How was Robert Kurtzman chosen to create the werewolves?

Well, honestly, that was my idea, because I had met Beki Ingram from Bob’s shop on Jug Face, Chad Kinkle and Andrew van den Houten’s film that I acted in. I really liked her and was aware of Bob’s studio, and of course Bob’s reputation precedes him. I knew they did a lot of creatures out there in Ohio, and I liked the idea of getting as local as we could to New York. Our regular [makeup FX] comrade Brian Spears wasn’t as into the idea of doing the werewolves themselves; we obviously brought him on to do the gore, and there’s plenty of it, and the age makeup. So I sent Brent over to Bob Kurtzman’s shop, and they responded immediately, because I think Bob has a soft spot for werewolves, and he pitched some designs to Adrián. It was a great process, everyone working together to make these really unusual-looking monsters, and also to do the transformation in a new way.

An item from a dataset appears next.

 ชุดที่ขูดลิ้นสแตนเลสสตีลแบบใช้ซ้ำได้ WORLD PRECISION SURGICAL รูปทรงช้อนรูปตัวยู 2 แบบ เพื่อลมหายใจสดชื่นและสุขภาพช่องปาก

That scene, all done in one long moving shot with a motion-control camera, is pretty impressive. Can you talk a bit about that?

We shot that in a studio in Kingston, New York, an amazing place to find upstate—the ceilings were enormous, it was fully functional. We had a day with the motion-control camera, and we realized that this would be a perfect place to do it. That was one of Adrián’s first concepts, I believe, when he took on the idea of doing a werewolf film. He liked the script and the setting, and I think he wanted, as any director would, to take a unique approach to the transformation scene. So he conceived of a single shot gliding back and forth between two characters, one transforming and the other observing. In the old days, you could hide your pans from one character to the other with soft edits and so on, but we really wanted to lock it in and have as much control as possible. Adrián had conceived of this beautiful single-take shot, so we used the motion-control rig to repeat the exact camera move over and over, and then we stepped in and did different pieces of the transformation. It was quite an elaborate process, but the final effect is seamless.

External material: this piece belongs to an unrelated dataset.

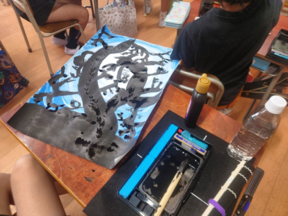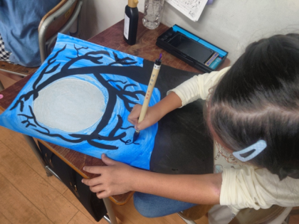 図工科では、国語科の教科書の教材文「モチモチの木」の場面を絵で表しました。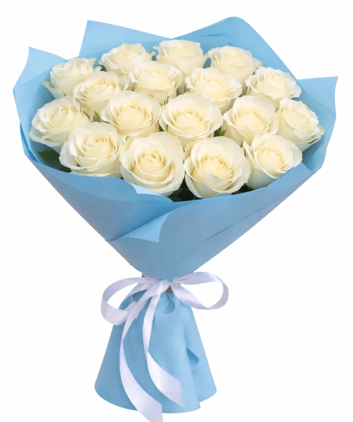 Изысканный букет из 17 белых роз очаровывает своей чистотой и благородной элегантностью. Белоснежные бутоны символизируют искренность, уважение и светлые чувства, создавая гармоничную и воздушную композицию. Голубая упаковка придаёт букету свежесть и мягкое, спокойное настроение.

You’ve talked in the past about your ambitions to make your own werewolf movie; has your involvement in Late Phases fulfilled those ambitions to an extent?

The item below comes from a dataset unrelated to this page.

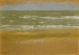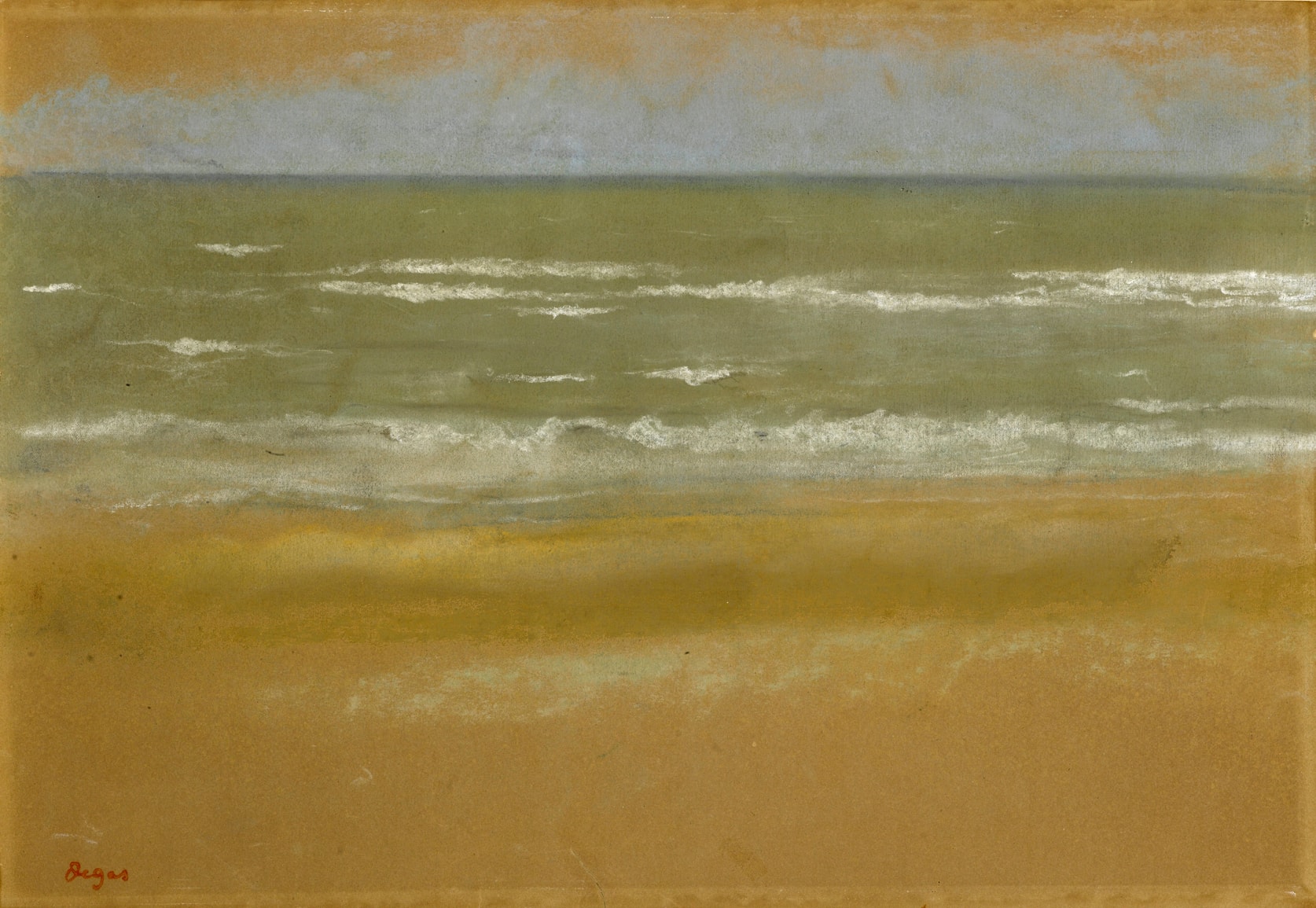 With the artist looking out to sea, the precise location of this pastel cannot be determined, as is the case with almost half of the forty-odd pastels drawn in 1869. A recent description of a similar seascape from the same series, today in the Musée d’Orsay, may equally be applied to the present sheet: ‘in this seascape Degas worked with pastel lightly and openly...Using the warmth of the paper as an additional color that gives body to the sea in the foreground and suggests the inevitability of sand under our feet, he seems to have limited himself to four sticks of pastel: a white, a black, a blue, and a blue green. The buff visible through the strokes of blue green in the sea make it appear greener still. On the other hand, the blue in patches of the sky is intense...But the greatest subtlety is his emphasis on the horizon...’ Among other comparable beach scenes from this 1869 group of pastels is a Seascape, with Beach at Low Tide in the collection of the Albertina in Vienna.

Well, I have a completely different approach; it would probably be familiar to people who know my sensibilities. It’s a very naturalistic what-if-you-were-a-werewolf? kind of story, the way I approached a vampire story with Habit. It’s nice, because it’s not really what the mainstream or even this kind of movie defaults to. So I have a little wiggle room if I ever get my own project off the ground. I’ll say the same thing I say in every interview, which is that the beauty of the horror genre is that there are so many approaches, even to the same themes. If you want to make a vampire story or a werewolf story or a creature-in-the-water story, you have opportunities to be unique, even while you play with familiar tropes.